Um deinen Stoffwechsel auf Touren zu bringen, gibt es nichts Besseres als Frühsport. Bewegung, Sauerstoff und das frühe Sonnenlicht wirken wahre Wunder. Nach dieser morgendlichen Aktivität belohnst du dich und deinen Körper vorzugsweise mit einem vitamin- und eiweißhaltigen Frühstück.

Generell solltest du dich eher salzarm ernähren. Bedenke, dass viele industriegefertigte Produkte bereits eine Menge Salz enthalten. Zu viel Salz kann sich im Körper ablagern, die Blutgefäße verengen und damit Bluthochdruck fördern. Damit du dir keinen Jodmangel einhandelst, der der für den Stoffwechsel wichtigen Schilddrüse abträglich wäre, verwende sparsam Kochsalze, die mit Jod angereichert sind. Wenn du deinen Speiseplan zusätzlich mit jodhaltigen Produkten (essbare Algen, Seefisch oder Schalentiere) ergänzt, bist du schon auf der sicheren Seite.

Am kleinen Hunger zwischendurch kommst du vermutlich im Laufe des Tages nicht vorbei.

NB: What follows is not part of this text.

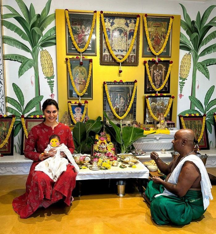 उपासना ने बेटी क्लिन कारा संग मनाया पहला वरलक्ष्मी व्रतम

Deshalb ist es wichtig, richtig zu snacken. Hier empfiehlt es sich z.B. zu fettarmen Crackern, Reiswaffeln oder Knäckebrot zu greifen. Auch die sogenannten mehrfach ungesättigten Fettsäuren unterstützen: Sie regen den Stoffwechsel an und begünstigen eine effektive Fettverbrennung. Tipp: Mehrmals täglich ein paar Nüsse (Walnüsse) knabbern. Wenn die Temperaturen im Sommer steigen, fühlst du dich sicher oft eher antriebslos, matt und schlapp. Ebenso schaltet dann auch dein Stoffwechsel ein paar Gänge zurück. Dagegen hilft mehrmals am Tag kaltes Abduschen (Saunaeffekt) oder einfach eiskaltes Wasser (Eiswürfel) über die Handgelenke laufen zu lassen. Im Winter dagegen drehst du die Heizung runter und lüftest gut durch. Das spart Heizenergie, tut der Umwelt und auch deinem Konto gut.